Ноэль повторил снова.

– Ноэль Эрман, хм? Очень интересное имя. Оно мне еще не встречалось. Ну, итак, вы не еврей. Не думаю также, что были им.

– Боже мой, мама, какая разница? – сказала Марджори. – К примеру, он еврей, но по тем же причинам большинство труппы нет, и…

– Однако Ноэль, – возразила мать, уставившись на него, – означает Дед Мороз, не так ли? Никто не называл еврейских мальчиков Ноэль. У католиков вас, видимо, звали бы Пасовер.

Ноэль запрокинул голову и рассмеялся. Марджори кусала губы. Эрман сказал:

– Миссис Моргенштерн, я мог бы согласиться с вами, но я привык к Ноэлю. – Он помахал официанту: – Я должен заплатить за выпивку.

– Благодарю. Я выпила весь лимонад, и мне довольно, – сказала миссис Моргенштерн.

Но Ноэль заказал всем по новой порции. Затем он объяснил, что выберет себе имя, как только будет опубликована его первая песня.

– О, тогда это будет псевдоним, вот что, – сказал отец. – Как Марк Твен или Шолом Алейхем.

– Ну, я хотел бы приблизить переименование, и это идея, мистер Моргенштерн.

– А какое у вас другое имя? То есть, можно узнать ваше настоящее имя? – спросила мать.

После короткой паузы Ноэль ответил:

– Саул Эйрманн. Не слишком сильно изменил, как видите.

– Нет, ничего подобного, – возразила миссис Моргенштерн. – Эйрманн… Я знаю судью Эйрманна. Его фамилию писали с двумя «н».

Ноэль вздохнул и пожал плечами:

– Я пишу так же, миссис Моргенштерн. Он мой отец.

– Что? Судья Эйрманн ваш отец? – Она повернулась к Марджори. – Он брат Билли! Неужели? Ради всех святых, почему ты сразу не сказала?
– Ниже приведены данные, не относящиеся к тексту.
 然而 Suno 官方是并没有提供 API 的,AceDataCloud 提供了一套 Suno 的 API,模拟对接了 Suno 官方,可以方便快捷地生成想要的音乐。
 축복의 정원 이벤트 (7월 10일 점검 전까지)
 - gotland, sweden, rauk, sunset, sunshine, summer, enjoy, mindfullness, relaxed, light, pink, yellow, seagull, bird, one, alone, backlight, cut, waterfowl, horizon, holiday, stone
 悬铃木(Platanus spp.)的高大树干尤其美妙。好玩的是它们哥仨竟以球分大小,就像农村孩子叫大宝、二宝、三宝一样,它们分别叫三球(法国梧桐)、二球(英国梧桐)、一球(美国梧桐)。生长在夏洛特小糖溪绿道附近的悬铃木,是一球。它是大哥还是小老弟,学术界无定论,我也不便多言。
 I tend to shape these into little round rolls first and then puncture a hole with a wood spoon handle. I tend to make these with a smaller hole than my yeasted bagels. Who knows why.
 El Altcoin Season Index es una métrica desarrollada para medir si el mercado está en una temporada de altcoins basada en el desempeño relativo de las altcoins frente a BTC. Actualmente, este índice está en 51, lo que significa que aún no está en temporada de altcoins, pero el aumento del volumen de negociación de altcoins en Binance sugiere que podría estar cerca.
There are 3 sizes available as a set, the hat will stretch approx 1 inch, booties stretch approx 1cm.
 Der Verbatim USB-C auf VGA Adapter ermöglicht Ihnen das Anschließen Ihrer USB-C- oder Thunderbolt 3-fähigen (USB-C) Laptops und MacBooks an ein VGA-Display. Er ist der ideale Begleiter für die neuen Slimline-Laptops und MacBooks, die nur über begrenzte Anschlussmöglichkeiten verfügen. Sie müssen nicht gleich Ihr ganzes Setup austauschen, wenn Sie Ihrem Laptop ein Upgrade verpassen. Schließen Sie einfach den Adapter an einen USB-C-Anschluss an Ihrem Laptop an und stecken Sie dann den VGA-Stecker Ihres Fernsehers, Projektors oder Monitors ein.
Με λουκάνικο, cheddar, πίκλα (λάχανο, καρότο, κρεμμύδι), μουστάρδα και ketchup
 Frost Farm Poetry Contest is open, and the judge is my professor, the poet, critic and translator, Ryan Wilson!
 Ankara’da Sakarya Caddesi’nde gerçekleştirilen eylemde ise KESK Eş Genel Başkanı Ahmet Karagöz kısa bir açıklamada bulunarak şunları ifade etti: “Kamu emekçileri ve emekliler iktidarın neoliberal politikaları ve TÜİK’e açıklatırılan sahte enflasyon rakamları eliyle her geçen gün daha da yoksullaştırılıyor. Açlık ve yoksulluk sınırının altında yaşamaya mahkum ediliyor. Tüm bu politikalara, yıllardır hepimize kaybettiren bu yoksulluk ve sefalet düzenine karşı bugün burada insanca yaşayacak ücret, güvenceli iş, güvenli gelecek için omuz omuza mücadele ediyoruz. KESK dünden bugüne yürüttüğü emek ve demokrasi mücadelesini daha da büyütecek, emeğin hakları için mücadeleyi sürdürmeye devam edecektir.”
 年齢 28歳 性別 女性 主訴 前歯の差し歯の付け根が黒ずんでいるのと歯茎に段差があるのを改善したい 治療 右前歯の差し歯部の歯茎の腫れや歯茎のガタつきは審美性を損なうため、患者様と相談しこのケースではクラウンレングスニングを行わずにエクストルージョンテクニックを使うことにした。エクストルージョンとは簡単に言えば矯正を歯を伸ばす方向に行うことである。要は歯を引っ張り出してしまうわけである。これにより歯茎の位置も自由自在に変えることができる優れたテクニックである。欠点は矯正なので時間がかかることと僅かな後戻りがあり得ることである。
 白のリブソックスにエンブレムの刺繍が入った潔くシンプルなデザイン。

– Мать, ты так много задаешь вопросов, что никто слова не может вставить.

– Не будь посмешищем. Ну! Сын судьи Эйр-манна! – Миссис Моргенштерн смотрела на Ноэля с растущей дружелюбностью. – Во всем совпадения! Почему нет, у нас в общем много знакомых. Я довольно хорошо знаю твою мать, а есть ли у тебя сестра Моника? Замужем за старшим сыном Зигельмана? Зигельман из белоснежной сухой чистки одежды?

– Это моя сестра.

– Конечно. Ну, миссис Зигельман, свекровь твоей сестры, к тому же лучшая подруга моих закадычных друзей, Белла Клайн. Я их хорошо знаю. Чудесная семья Зигельманов. Как зовут мужа твоей сестры? Хорас, не так ли?

– Хорас, – ответил Ноэль.

– Очень симпатичный парень. Очень способный. Он сотрудничает со своим отцом, не так ли?

– Он сотрудничает со своим отцом.

– Я бы не прочь потанцевать, – вмешалась Марджори.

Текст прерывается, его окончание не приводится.